2010-11-17 Thread Curt Shaffer
I was looking to send all traffic through Tor. The UDP rule was taken off of 
the Tor Transparent Configuration documentation. I have Tor DNSPorts and 
DNSListenAddress set. I realize this was for DNS requests, but I was kinda 
hoping to pipe everything through.
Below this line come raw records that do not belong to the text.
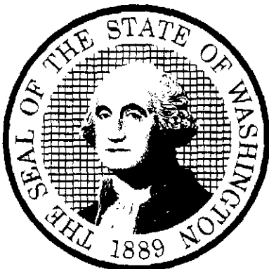
Kim Wyman, Secretary of State

Given under my hand and the Seal of the State of Washington at Olympia, the State Capital
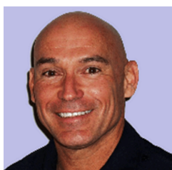
Board Vice- Chair
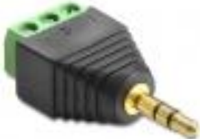
65419 _Delock Adapter Stereo jack male 3.5 mm > Terminal Block 3 pin
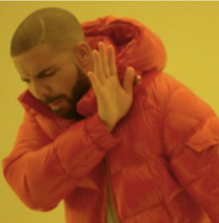
Go to the bathroom during study hall
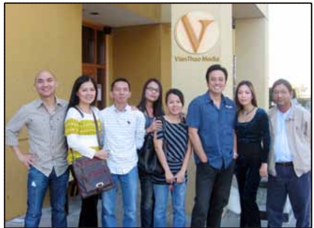
Vien Thao Media's staffs
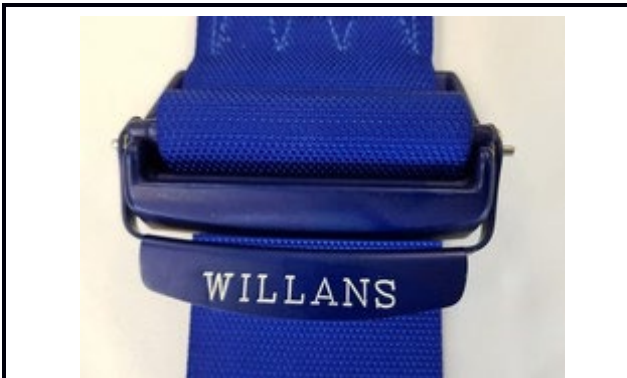
A2-3) Position / Position : LEFT LAP STRAP
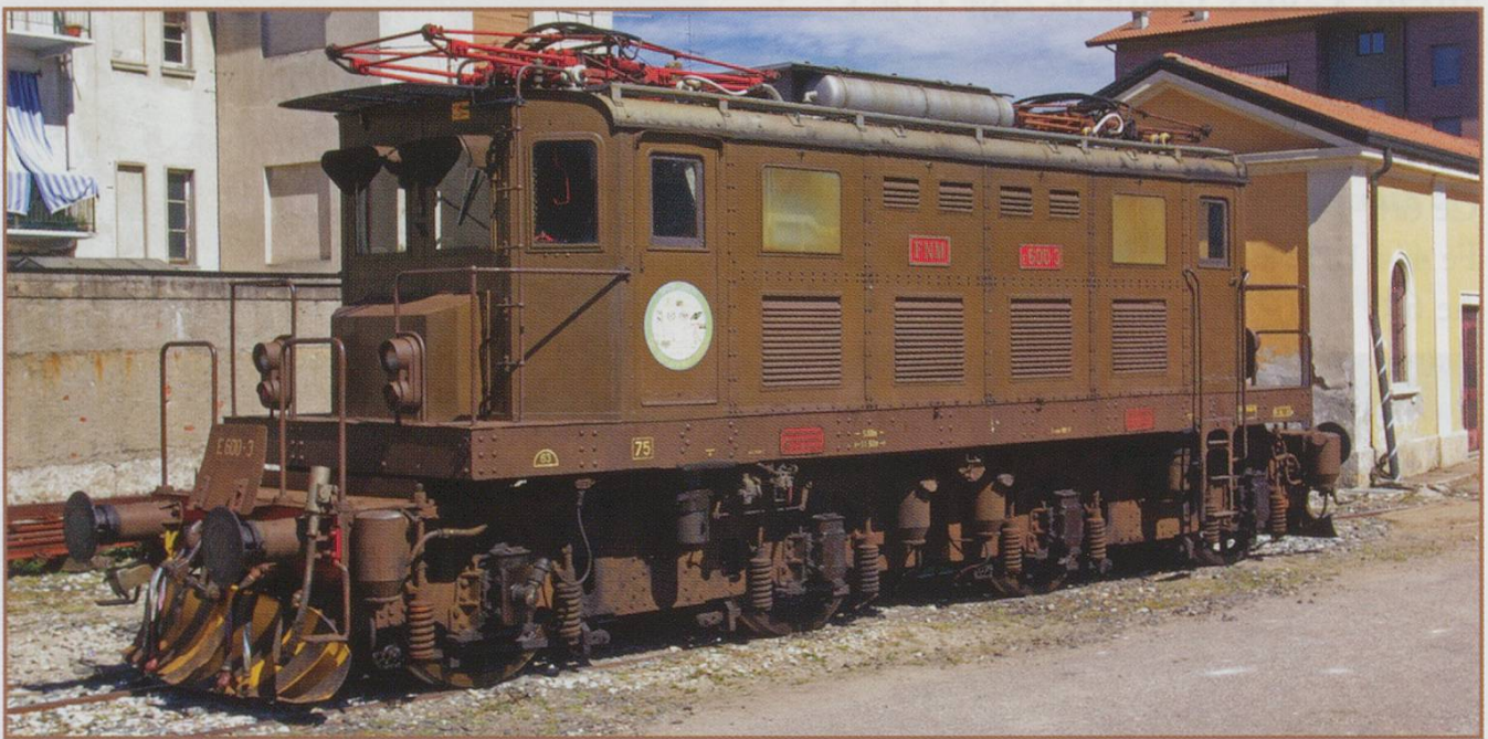
ABOVE: Italian ‘private’ company FNM Bo-Bo E600-3 at Luino.

An engineer’s vehicle fitted with a hydraulic lift platform was in use to give visitors a high-level view of the site.
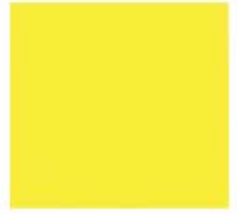
M-4 Lemon Yellow
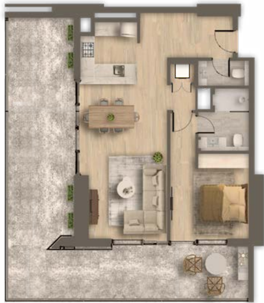
Type B2 878 sq.ft
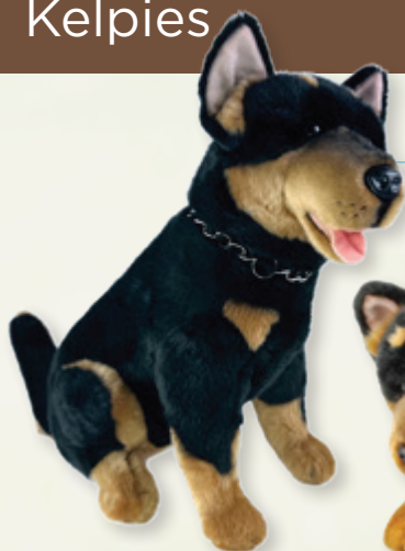
Jake (Kelpie, 38cm sitting, black & tan)
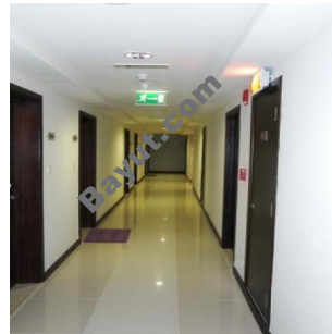
Al Dana 2
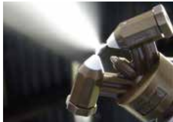
▲Close view of the nozzle tip principle
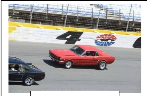
JJ's 65 on Parade Lap
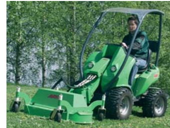
Lawn mower (also with collector)
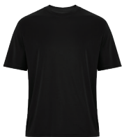
BLACK Black 6C

Textile fabric colours are subject to dye lot variation and will not be exact match to print pantone reference
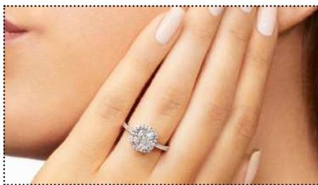
Lab Grown Diamond ring

Presenting the Budget on February 1st Finance Minister Nirmala Sitharaman, said, ". To encourage indigenous production
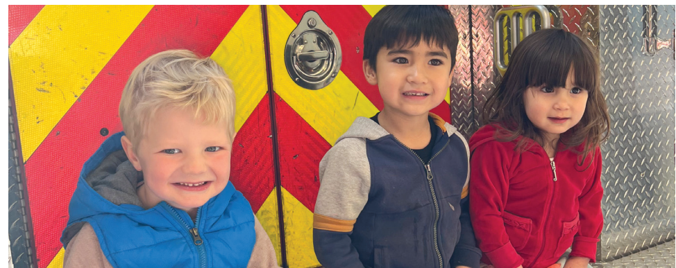
At the Fire Station reopening, three youngsters enjoyed a prime seat on the fire engine's running board.
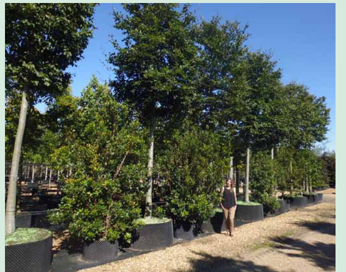
2-3m Strawberry trees in air-pots at Deepdale Trees
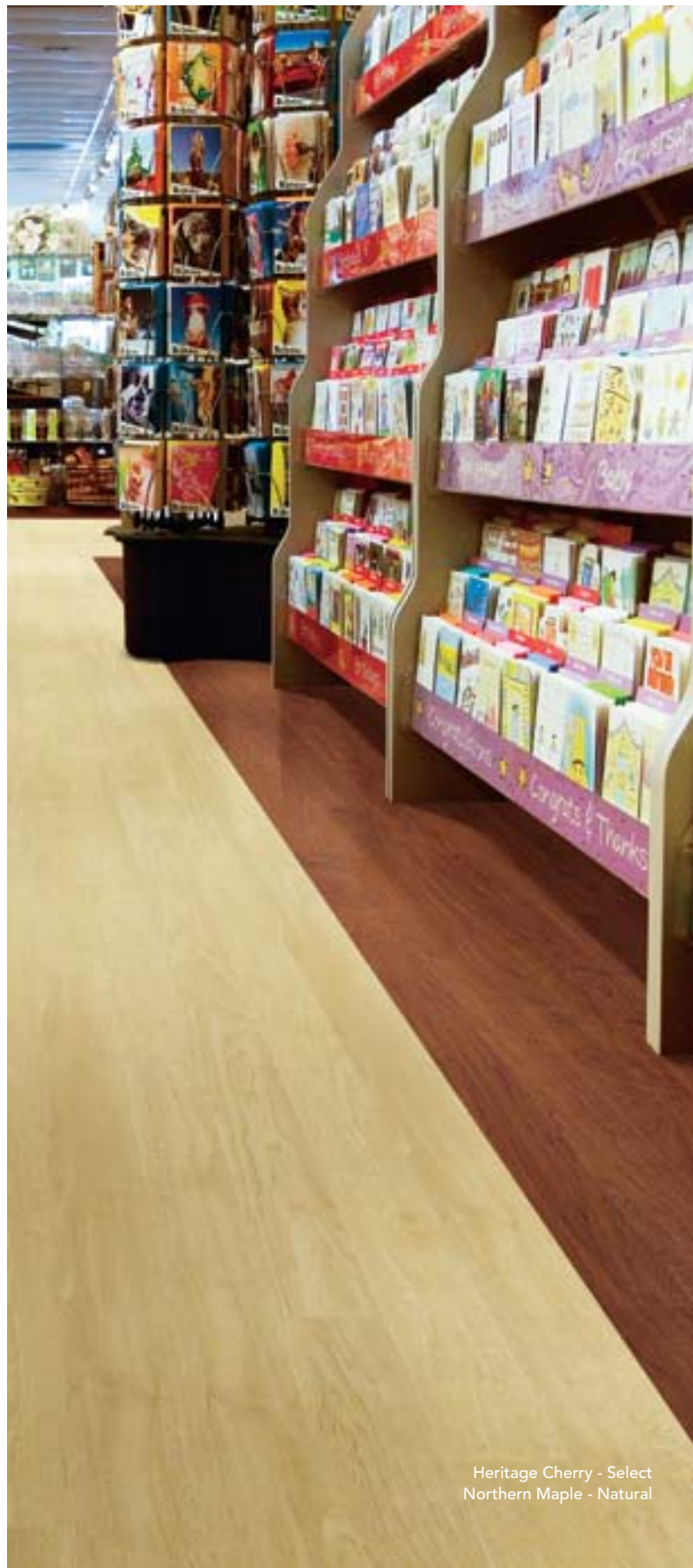
Heritage Cherry - Select Northern Maple - Natural
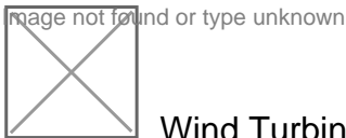
Wind Turbines at Avonmouth Dock

We invest to look after our environment across the 2,600 acres of the Port estate as well as looking after the marine environment
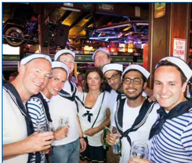
Otters enjoying the delights of Puerto del Carmen
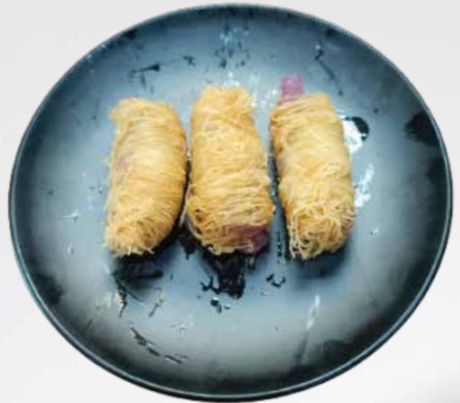
H08 金丝香芋酥 STREDDED TARO BALL $5.50
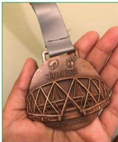
Airtel Delhi Half Marathon, ADHM, October 2018
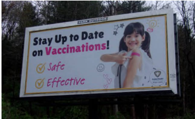
Billboard: Immunization Promotion
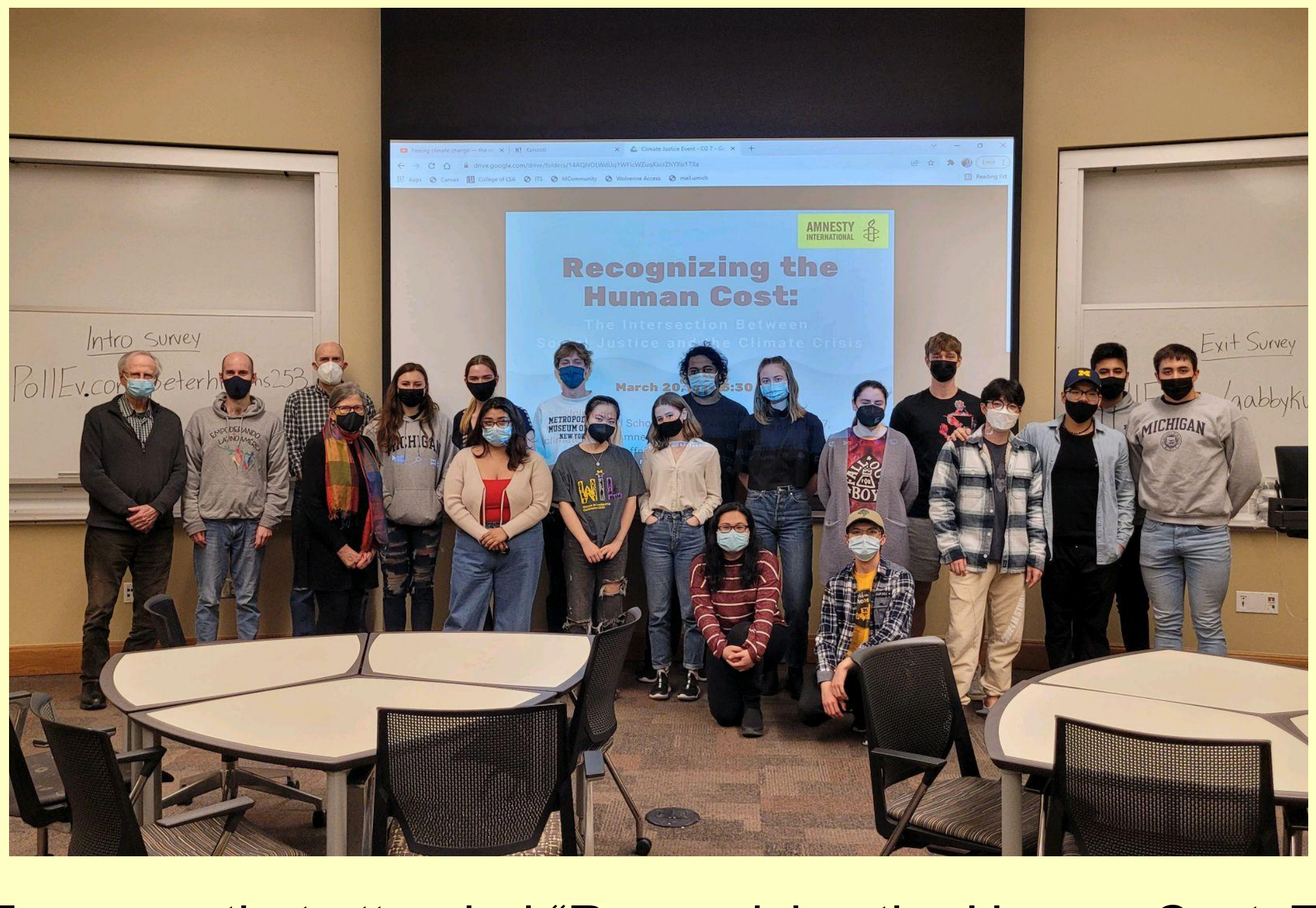
Everyone that attended "Recognizing the Human Cost: The Intersection Between Social Justice and the Climate Crisis!
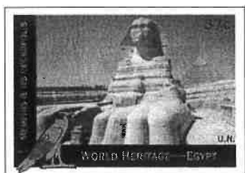
37-cent - Memphis and its necropolis – the pyramid fields from Giza to Dahsur
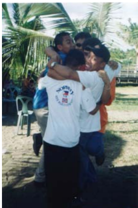
NIS Cadets during Team-building Seminar
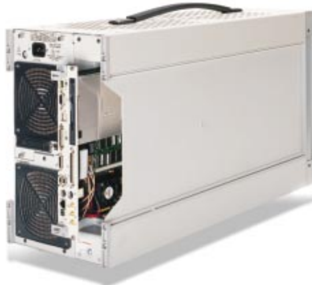
VXI-1200 FlexFrame - Back View

If you wish to control a FlexFrame System from a desktop computer using a MXI-2 interface, the VXI-MXI-2/B delivers the same performance as the standard C-Size interface but at a lower cost. Using the VXI-MXI-2/B in the back of the FlexFrame, you can use all size C-size VXI slots located in the front of the chassis for instruments. The smaller size and the absence of EMI shielding reduce the cost of the B-size VXI-MXI-2 versus the C-size module. EMI shielding is required for C-size instrument and control modules but not for B-size. Because of the FlexFrame design, you simply insert the VXI-MXI-2/B into the leftmost B-size slot located in the rear of the FlexFrame to physically isolate the VXI-MXI-2/B from the C-size instruments, eliminating potential EMI problems.
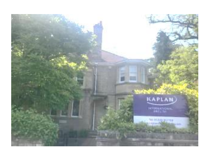
No. 1 Grantchester Rd.

C.3.1 Victorian detached house No. 1 Grantchester Road is a large Victorian house which was converted to a Language School in 1967 has Gault brick, bay windows and red tiled roof, set back from the road on a large plot, with mature trees and shrubs.
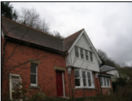
Above: our Bishopswood cottage

Working in such an old property means making a series of compromises between Victorian character and modern comfort - and the bathroom illustrates this more clearly than any other room in the house.
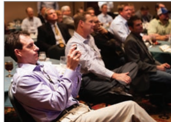
Guests listen attentively to the well-received luncheon presentation.
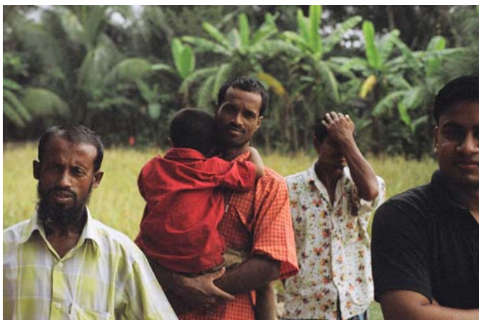
Local farmers, Botiagata village, Khulna. The area was covered in shrimp farms under the protection of a local strongman/ businessman in the mid-1990s, who was ousted with the help of the 1996 Awami League government. The villagers have managed to rehabilitate their rice fields from the shrimp ponds.
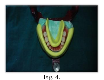
Try in of denture and after trial adaptation of 26 gauge wire over the central fossae of mandibular posterior teeth

canine & extending posteriorly to the lingual and buccal aspects of the retro molar pad. This area is called Pound's triangle<sup>7,10,11,12,13,16</sup>. The Neutrocentric concept requires that posterior mandibular denture teeth be arranged to occupy as central, a location as possible, relative to denture foundation, without disturbing the tongue function<sup>14</sup>. Lammie argued that in ageing patients, mandibular posterior denture teeth should be arranged over the buccal shelf to provide increased tongue space and to facilitate the development of vertical facial denture polished surfaces, against which an effective facial seal can be achieved and maintained<sup>15</sup>.
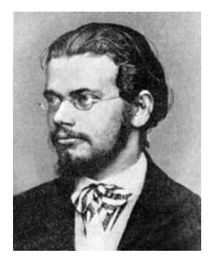
Ludwig Boltzmann (1844–1906)

Ludwig Boltzmann, Vienna, 1886 Der zweite Hauptsatz der mechanischen Wärmetheorie Lecture at the Festive Session, Imperial Academy of Sciences
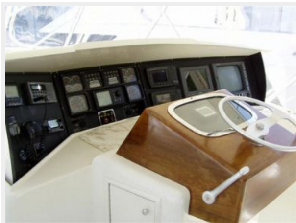
Flybridge Helm Electronics
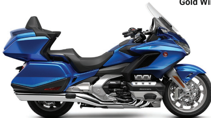
Gold Wing Tour Airbag DCT
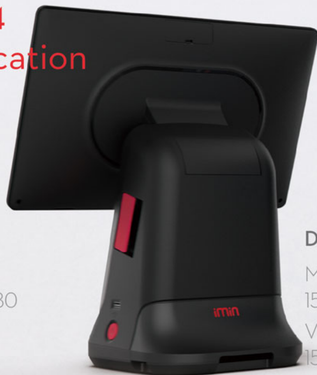
Display 15.6" Main Display: 15.6" 1920x1080
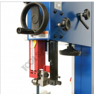
Rack & Pinion Adjustment on Top Blade Guide
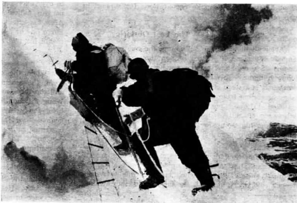
A ladder was used in climbing to North Col

They had a small cine-camera with them. But it was still too dark to take any shots. When they descended to 8,700 metres, it became lighter. They turned around and took a few shots.
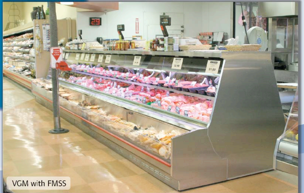
VGM with FMSS
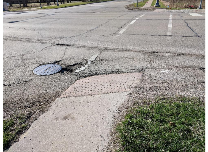
Golf Course Rd & Ackman Rd ADA ramp tiles located within pavement limits in NW corner
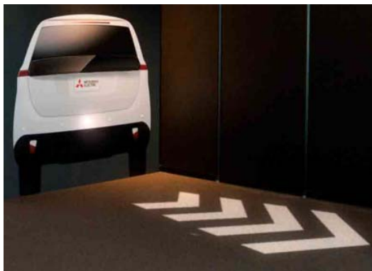
Reverse indicator with illuminating road surfaces

TOKYO, October 10, 2017 – Mitsubishi Electric Corporation (TOKYO: 6503) announced today its new Safe and Secure Lighting system, which uses road-surface projections and car-body displays to inform pedestrians and other drivers about the vehicle's movements and actions. Selected features of the system will be exhibited with the Mitsubishi Electric EMIRAI4 concept car during 45th Tokyo Motor Show 2017, which will take place at the Tokyo Big Sight exhibition complex in Tokyo, Japan from October 27 to November 5.
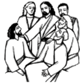
Calling the Twelve to him, he sent them out two by two. Mark 6:7 (NIV)
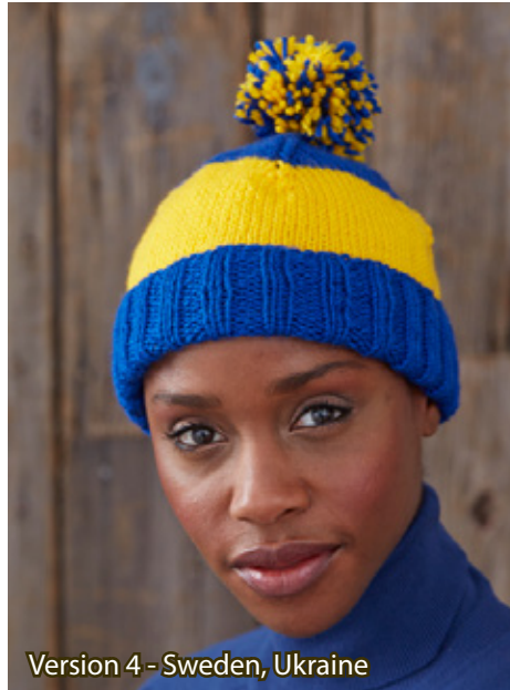
Version 4 - Sweden, Ukraine
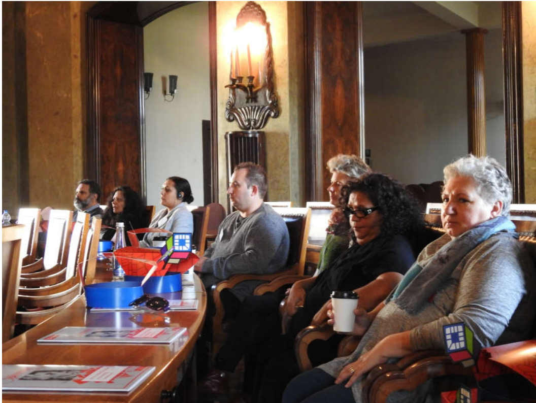
Ngarigo Friends at the Kosciuszko Conference room of the Council of Cracow.
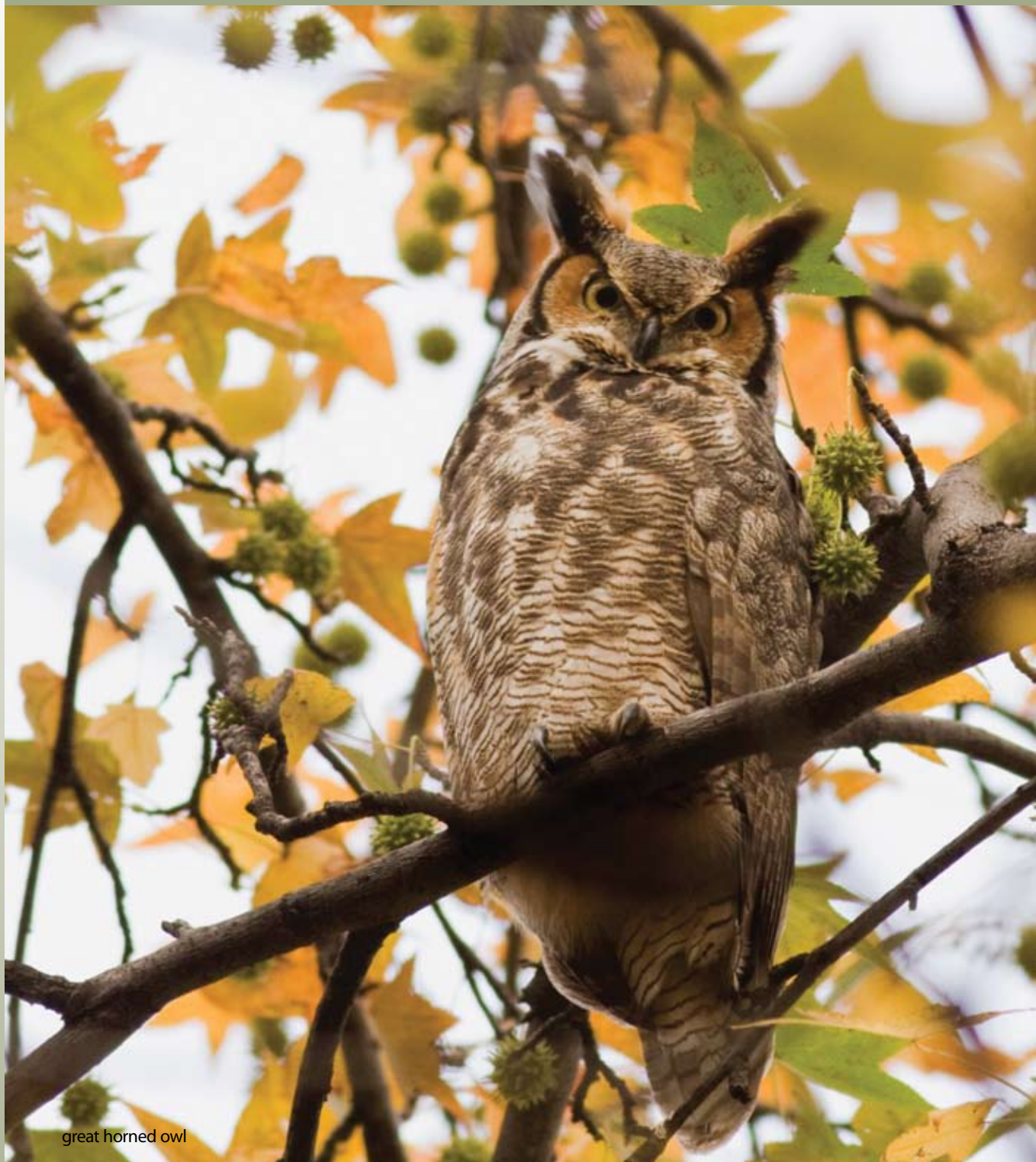
great horned owl

For natural history information about New York's owl species, check out DEC's pamphlet Owls of New York State at www.dec.ny.gov/pubs/4791.html and Cornell's All About Birds on-line bird guide at www.allaboutbirds.org/guide/search .
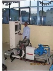
Multi Cylinder Petrol Engine Test Rig
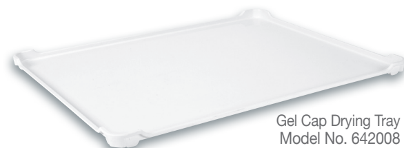
Gel Cap Drying Tray Model No. 642008

I will look at just dropping all other 
traffic. 

Thanks for sharing your link to your example config as well!

Curt
On Nov 17, 2010, at 12:37 PM, intrigeri wrote:

 Hi,
 
 Curt Shaffer wrote (17 Nov 2010 12:53:27 GMT) :
 sudo iptables -t nat -A PREROUTING -p tcp -s 172.16.10.0/24 -j DNAT 
 --to-destination
 10.0.0.23:9040
 sudo iptables -t nat -A PREROUTING -p icmp -s 172.16.10.0/24 -j DNAT 
 --to-destination
 10.0.0.23:9040
 sudo iptables -t nat -A PREROUTING -p udp -s 172.16.10.0/24 -j DNAT 
 --to-destination
 10.0.0.23:53
 
 Tor is able to transport TCP only.
 If you really want these LAN boxes to *only* access the Internet over
 Tor, you have to forbid them anything other than TCP.
 
 If I am not mistaken, the rules you are showing us allow any UDP
 traffic to go out (without Tor) unless its destination port is !=53.
 I'm not sure this is really what you want to achieve.
 
 Feel free to have a look to the firewall we use in T(A)ILS as a source
 of inspiration:
 

 http://git.immerda.ch/?p=amnesia.git;a=blob;f=config/chroot_local-includes/etc/firewall.conf

 http://git.immerda.ch/?p=amnesia.git;a=blob;f=config/chroot_local-includes/etc/firewall6.conf
 
 Bye,
 --
  intrigeri intrig...@boum.org
  | GnuPG key @ https://gaffer.ptitcanardnoir.org/intrigeri/intrigeri.asc
  | OTR fingerprint @ 
 https://gaffer.ptitcanardnoir.org/intrigeri/otr-fingerprint.asc
  | Every now and then I get a little bit restless
  | and I dream of something wild.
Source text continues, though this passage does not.